1956 United States presidential election in New Mexico
| Nominee | Dwight D. Eisenhower | Adlai Stevenson |  |
| Party | Republican | Democratic |
| Home state | Pennsylvania | Illinois |
| Running mate | Richard Nixon | Estes Kefauver |
| Electoral vote | 4 | 0 |
| Popular vote | 146,788 | 106,098 |
| Percentage | 57.81% | 41.78% |
- County results
| Eisenhower 40–50% 50–60% 60–70% | Stevenson 50–60% |
| President before election Dwight D. Eisenhower Republican | Elected President Dwight D. Eisenhower Republican |

= 1956 United States presidential election in New Mexico =

The 1956 United States presidential election in New Mexico took place on November 6, 1956. All 48 states were part of the 1956 United States presidential election. State voters chose four electors to represent them in the Electoral College, which voted for President and Vice President.

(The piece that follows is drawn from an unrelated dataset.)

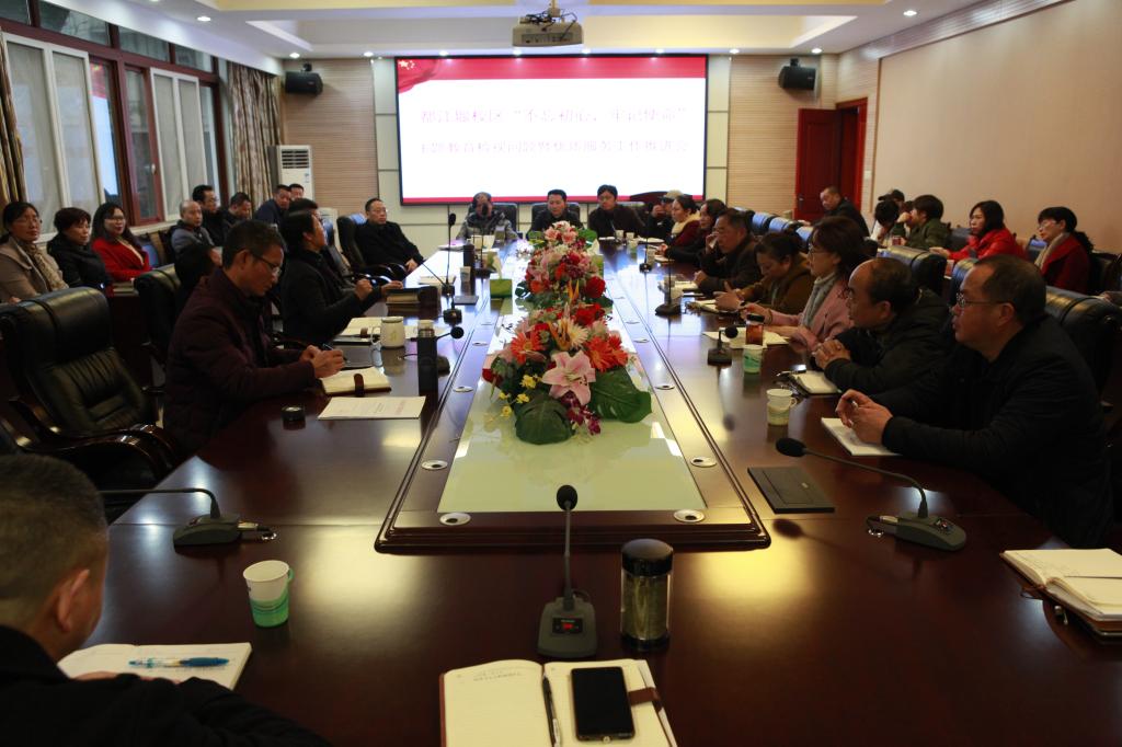 11月29日上午,都江堰校区在5304会议室召开“不忘初心、牢记使命”主题教育问题检视整改暨优质服务工作推进会。校区领导班子、全体科级干部、各支部支委成员和各部门服务管理人员参会。

New Mexico was won by incumbent President Dwight D. Eisenhower by a 16-point landslide. Running against Eisenhower was former Governor of Illinois Adlai Stevenson, whom Eisenhower had earlier defeated for the Presidency in 1952. This election reflected one of the last election cycles where the Democratic Party still had their post Civil War political domination of the Deep South. This was also the last United States presidential election when either major party nominee was born in the nineteenth century.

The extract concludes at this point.